There is no flatMapPartitions() method. However, the same effect can be achieved by calling mapPartitions(), followed by a call to flatMap(a => a) to flatten.
The equivalent of a Reducer with setup() and cleanup() is just a groupByKey() followed by a mapPartitions() call like the one above. Take note of the caveat about using groupByKey() above, though.
### But Wait, There's More
MapReduce developers will point out that there is yet more to the API that hasn't been mentioned yet:
- MapReduce supports a special type of Reducer, called a Combiner, that can reduce shuffled data size from a Mapper.
- It also supports custom partitioning via a Partitioner, and custom grouping for purposes of the Reducer via grouping Comparator.
- The Context objects give access to a Counter API for accumulating statistics.
- A Reducer always sees keys in sorted order within its lifecycle.
- MapReduce has its own Writable serialization scheme.
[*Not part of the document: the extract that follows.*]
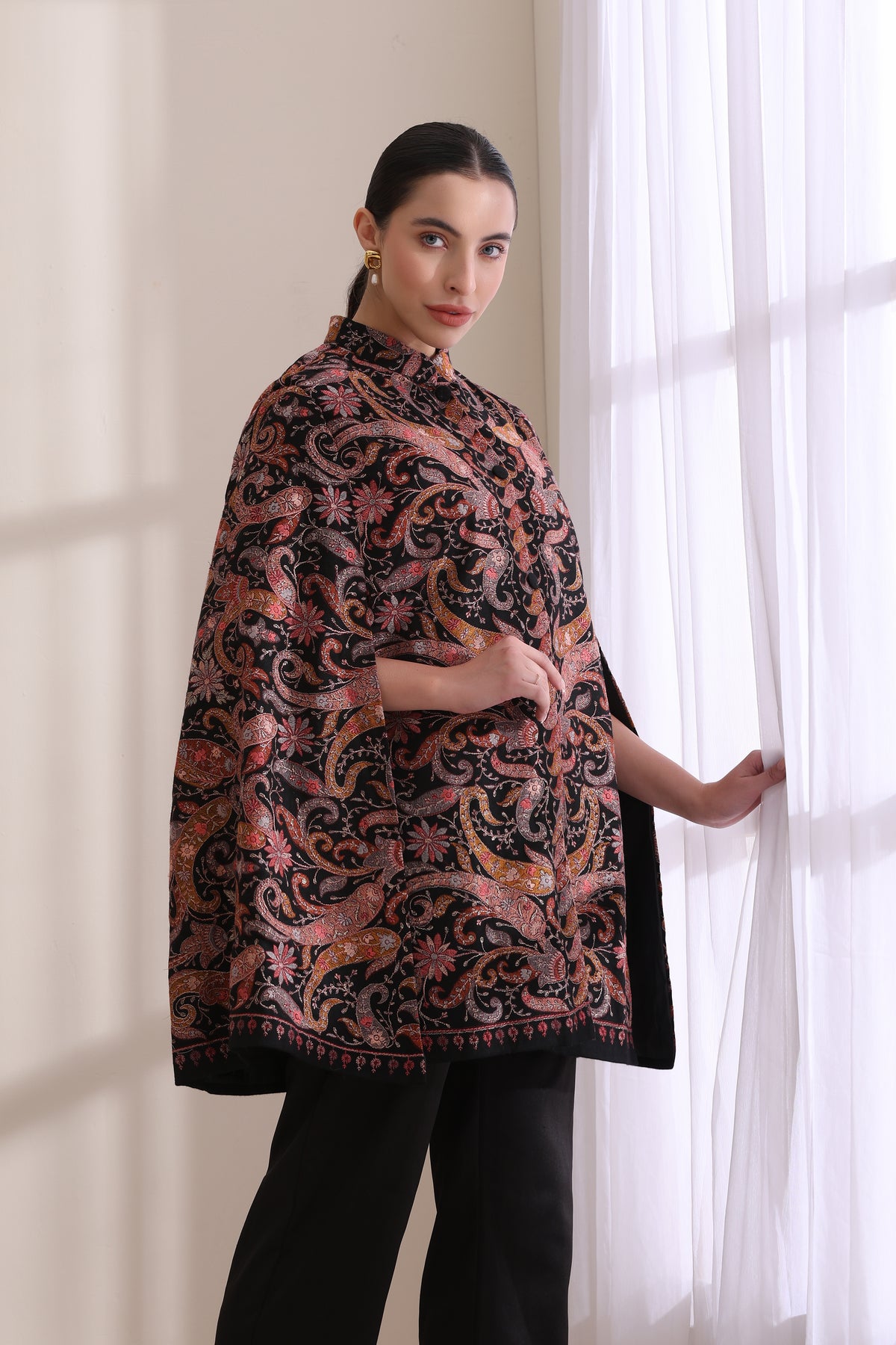 The Emery embroidered cape features exquisite floral motifs in vibrant red and multicolor threads on a black base. Tailored with a structured silhouette and front button closure, this statement piece blends traditional craftsmanship with modern elegance, making it perfect for festive occasions or elegant evenings. A timeless luxury addition.

- Mappers and Reducers can emit multiple outputs at once.
- MapReduce alone has tens of tuning parameters.
There are ways to implement or port these concepts into Spark, using APIs like the Accumulator, methods like groupBy() and the partitioner argument in various of these methods, Java or Kryo serialization, caching, and more. To keep this post brief, the remainder will be left to a follow-up post.
The concepts in MapReduce haven't stopped being useful. It just now has a different and potentially more powerful implementation on Hadoop, and in a functional language that better matches its functional roots. Understanding the differences between Spark's RDD API, and the original Mapper and Reducer APIs, helps developers better understand how all of them truly work and how to use Spark's counterparts to best advantage.